Some of this makes zero sense. You clearly are getting measured wrong if you're sitting at an 8.5 on a brannock and 10's are tight. 

And changing boot shit and what not is irrelevant with a good boot fitter. Oh and a boot not packing out is a bad thing. That is not something you want to design into a boot. Pack out is used to get a glove fit. A good liner wall thickness will pack down from about 8mm to 1mm where needed. 

You don't NEED to spend that on footbeds. Superfeet or Reminds are plenty. Why should you? Well I guess you don't have to. But you'll be punishing your knees, back, feet, and hips. If you hate yourself fine.


----------



## hktrdr (Apr 3, 2012)

ETM said:


> what does that mean? Ive never heard of it before


It means that there is a different last for the whole boot at every half-size point, while many models use the same shell with different sized liners for half sizes.


----------



## ETM (Aug 11, 2009)

hktrdr said:


> It means that there is a different last for the whole boot at every half-size point, while many models use the same shell with different sized liners for half sizes.


interesting. What is the focus?


----------



## hktrdr (Apr 3, 2012)

ETM said:


> interesting. What is the focus?


As I understand it, the Focus has different lasting for the full sizes, with only the liner changing for the half sizes.


----------



## ETM (Aug 11, 2009)

I put my 10 and 11 shells back to back and I cant tell the difference I would go as far as to say they are the same. They may have a different thickness sole.
The footbeds have 10-11.5 stamped on the bottom of them.
The liners in the 10s are noticably shorter but the 11 liners fit in the 10s no problem. 
Its weird stuff man!


----------



## Dekker (Feb 8, 2013)

I don't know about the Lashed but I had to go a 1/2 size up on my TM Two's. I got my first pair of 32 STW at size 9(my shoe size) and with a midweight sock my toes were curled but the shop owner said it'll pack out and then it'll be the perfect fit where my toes just barely touch end. Well after 40 hours of riding on them last season, they didn't even come close...they were still curled and not very fun. I found a pair of TM Two Stevens(the 2012 camo with neon sole model...I've wanted this design so badly I can't believe I found one in my size for $50!) and tried it on and it fits likeeee a glovvveeee. Absolutely perfect, and stiffer compared to my STW. I reckon I would have been golden with a 9.5 in the STW but it's too late to return and the only way they will fit nicely is with a very thin lightweight sock with very little cushioning which removes the toe curl.
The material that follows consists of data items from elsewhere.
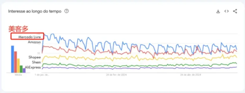 美客多以壓倒性的優勢再次霸榜巴西電商流量排行榜,足以可見其發展實力。另外Google Trends的數據也證明了這一點:在今年上半年,美客多是巴西地區Google搜索量最多的電商平臺,其中“美客多優惠券”一度成為高達100分的熱門搜索詞條。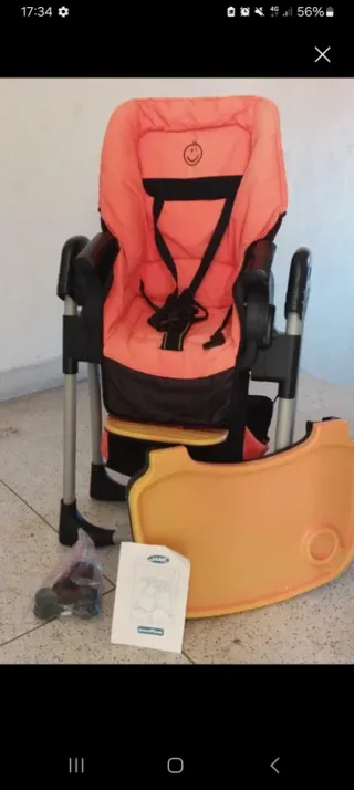 Trona para bebés de la marca Jane.. Válida desde los seis meses tiene diferentes alturas incluso el reposapieses ajustable para cuando son más mayores totalmente plegable se puede quitar y poner la bandeja y tres posiciones para tumbarle si se queda dormido - Color naranja. - Incluye bandeja. - Plegable para fácil almacenamiento.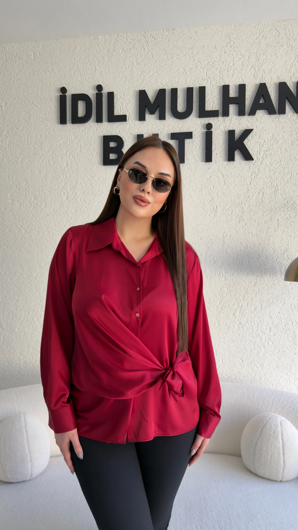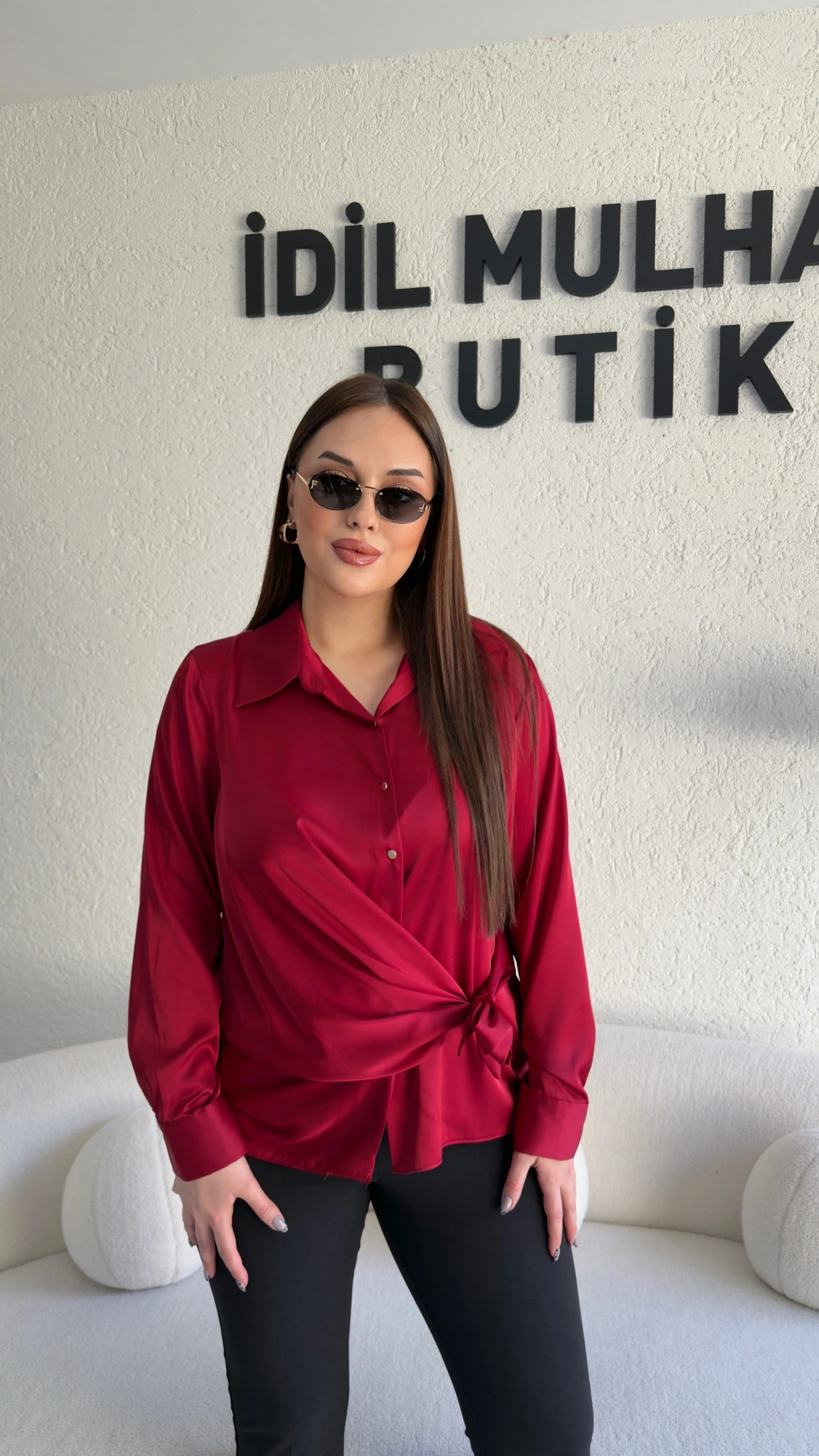 Kırmızı Saten Yandan Bağlamalı Gömlek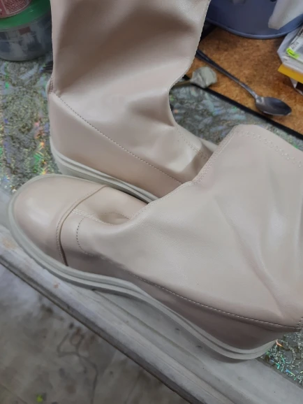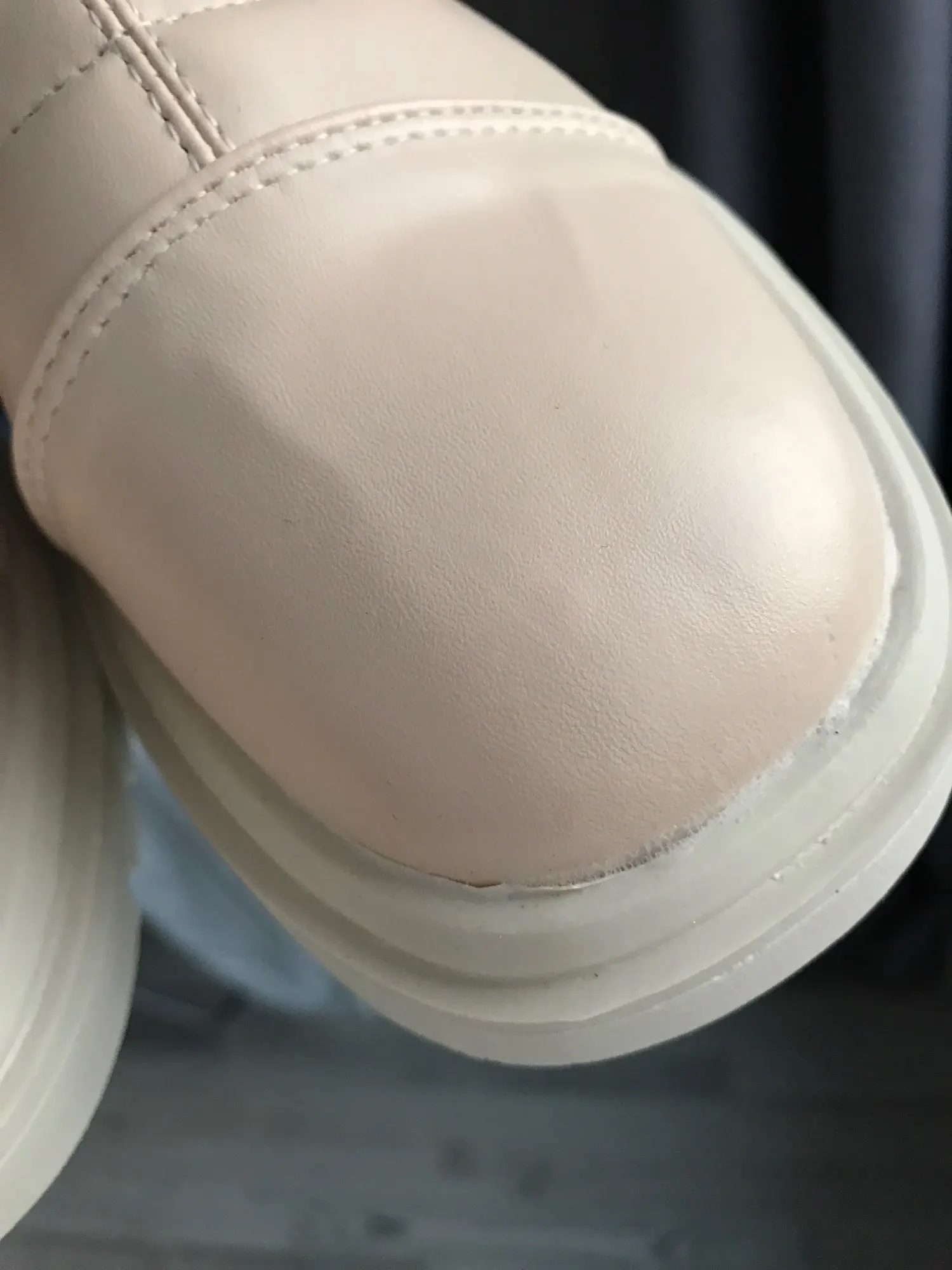 так, отзыв о ботинках за 1300: ботинки хорошие, да, есть клей, да заметен, но он уйдёт после первой прогулки по грязным улицам России, в любом случае волновал момент цвета и задней фурнитуры, так как никаких фото молнии сзади нет. Цвет крутой, они довольно тонкие, но хорошо сидят, прям как носочки, фурнитура хорошая, не пластик - а железо. Подошва твёрдая. За 1300 огонь! 9/10! Не десятка потому, что пришли без коробки, в обычном пакете!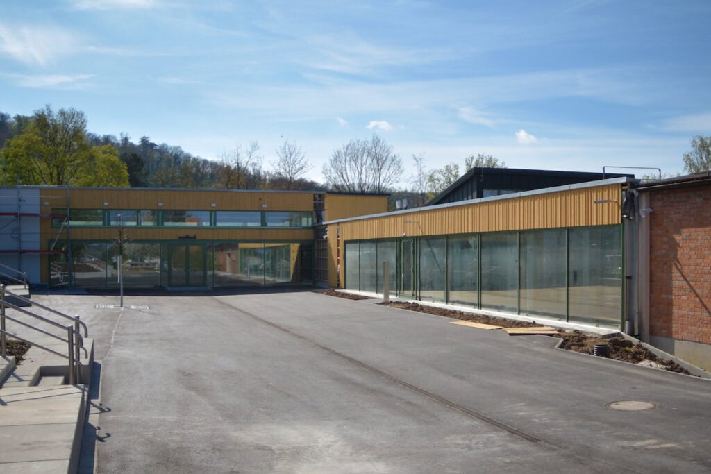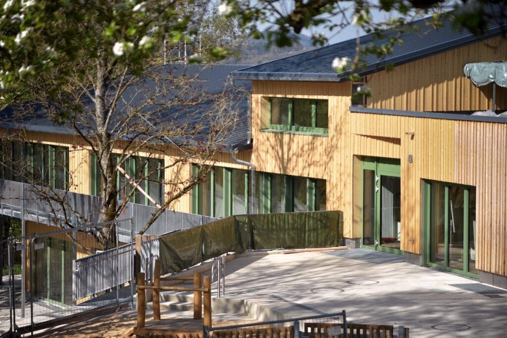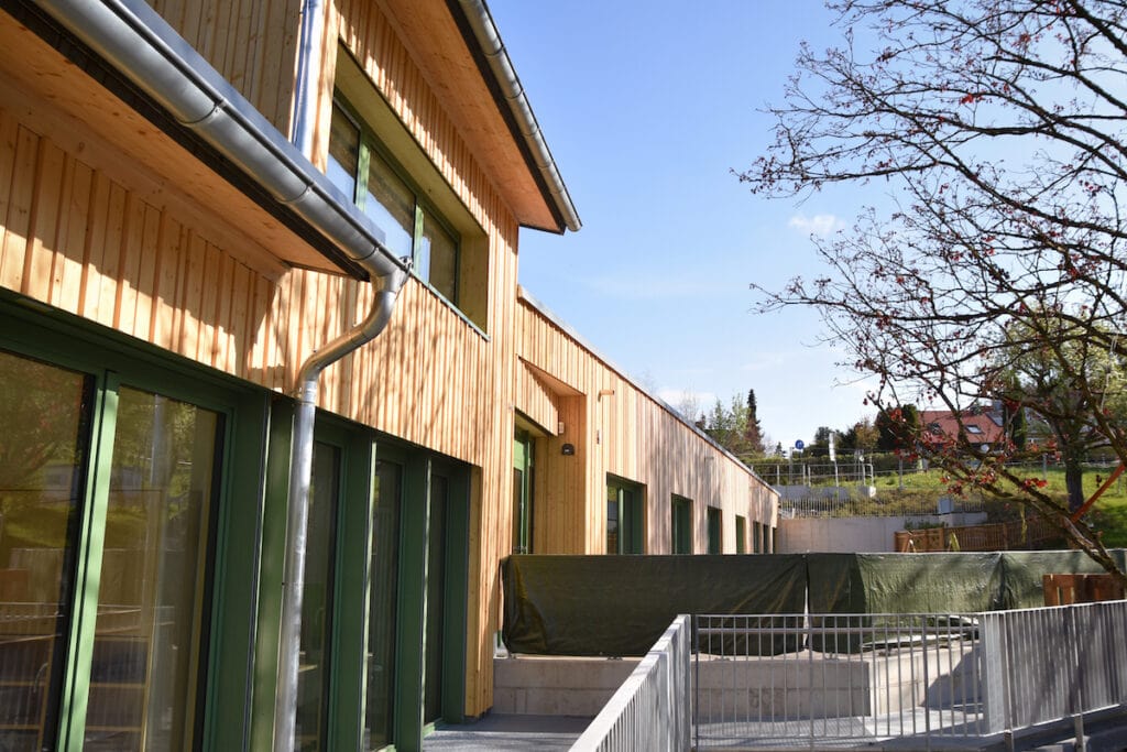 Mitten im Grünen, unterhalb des Braunenbergs, verbindet der modernisierte Bildungscampus Kita und Grundschule zu einem Ort, an dem Architektur und Pädagogik Hand in Hand gehen. Die Gestaltung der Fassade mit vertikalen Holzlamellen greift die umliegende Natur auf und schafft eine harmonische Einbindung in die Landschaft.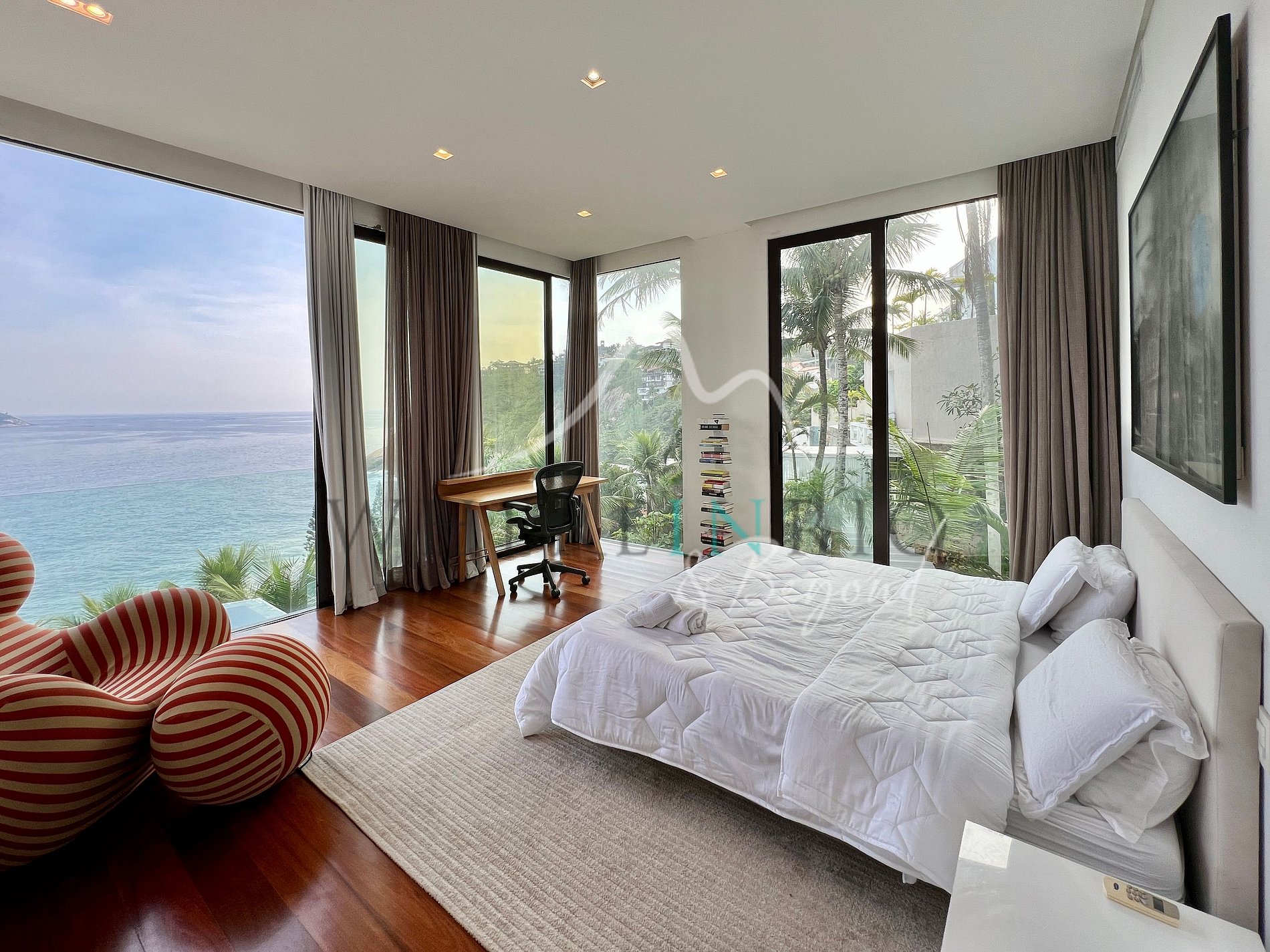 The property offers exceptional views thanks to its floor-to-ceiling windows that provide plenty of light. In a modern and sophisticated design, the property offers 5 suites that can accommodate up to 9 people.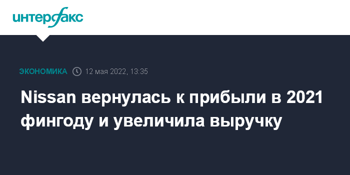 Москва. 12 мая. INTERFAX.RU - Японский автопроизводитель Nissan Motor получил чистую прибыль в 2021 финансовом году, завершившемся 31 марта, и увеличил выручку.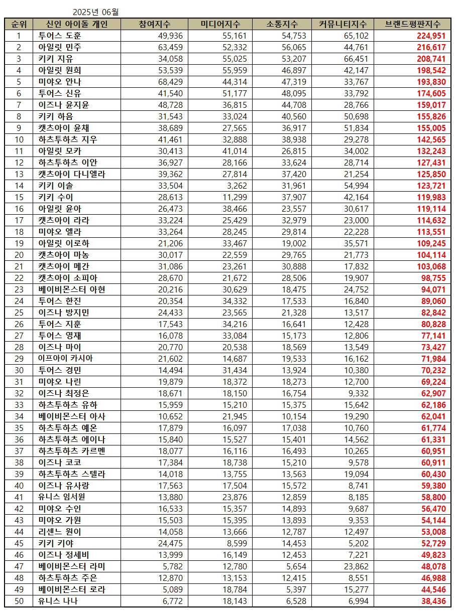 신인 아이돌 개인 브랜드평판 2025년 6월 분석에서는 투어스 도훈, 아일릿 민주, 키키 지유, 아일릿 원희, 미야오 안나, 투어스 신유, 이즈나 윤지윤, 키키 하음, 캣츠아이 윤채, 하츠투하츠 지우, 아일릿 모카, 하츠투하츠 이안, 캣츠아이 다니엘라, 키키 이솔, 키키 수이, 아일릿 윤아, 캣츠아이 라라, 미야오 엘라, 아일릿 이로하, 캣츠아이 마농, 캣츠아이 메간, 캣츠아이 소피아, 베이비몬스터 아현, 투어스 한진, 이즈나 방지민, 투어스 지훈, 투어스 영재, 이즈나 마이, 이프아이 카시아, 투어스 경민, 미야오 나린, 이즈나 최정은, 하츠투하츠 유하, 베이비몬스터 아사, 하츠투하츠 예온, 하츠투하츠 에이나, 하츠투하츠 카르멘, 이즈나 코코, 하츠투하츠 스텔라, 이즈나 유사랑, 유니스 임서원, 미야오 수인, 미야오 가원, 리센느 원이, 키키 키야, 이즈나 정세비, 베이비몬스터 라미, 하츠투하츠 주은, 베이비몬스터 로라, 유니스 나나를 분석했다.

So technically I guess they fit true to size if I were to only wear a lightweight sock but I like to wear mid(more cushion) all season long and with that the size had to be bumped up 1/2. There's room for even heavyweight if I wanted to.


----------



## stan_darsh (Mar 10, 2013)

i have size 10 prions from last season, and at first they felt too cramped on the toes unless strapped into the bindings. once strapped in, the toe cap pulled the boot down and made them fit perfect.

after a couple days of riding, they packed out a bit and felt good/normal walking too. also, they still felt the same on the board. 

basically the same situation as you. honestly, i think you should have kept with the 10s


----------



## j.gnar (Sep 4, 2009)

all boots pack out a bit after a few hard days of riding, some not as much as others. either way i think you will be fine with the 10.5 . if they get too loose you can always throw on another pair of socks :thumbsup:


----------



## nybe0010 (Dec 5, 2013)

stevros48 said:


> Heya Argo
> 
> Yes I have tried the boots in position as if doing a toeside carve or turn.
> I found that in the size 10 I felt a pressure point on top of my big toe and they generally felt a bit cramped.
> ...


How did they end up working out for you? I'm in a similar situation. I was riding 10.5 jp walkers and they packed out way too much and are huge now. I went to look at lashed today and I tried on 9.5 and 10. At the shop they think boots will pack out and said I should get 9.5, I wear a 10.5 shoe. I definately think I need a 10 at least but maybe this 9.5 will pack out and be perfect. The 10's feel great and my toes even get up by the end and there is plenty of space in toe box. we heat molded the 9.5 twice and I had on 2 toe condom thingys and they were still a little snug up on my toes. Not curling but pressing on them. Will they pack out length wise though? The toe box isn't the issue and it seems like the heat molding just helps with that.


----------



## nybe0010 (Dec 5, 2013)

My main concern is heel lift. My current jp walkers have that. I'm hoping the lashed will just overall be a better boot and the liner seems like it should hold me in good. My guess would be the 10's and if they pack out a little much so what, as long as I don't get lift. Either way I'm down sizing from 10.5's. I find it hard to believe the 9.5 can pack out lengthwise enough to work out. If felt like if I rode those I would jam my toes bad. What do you guys think?


----------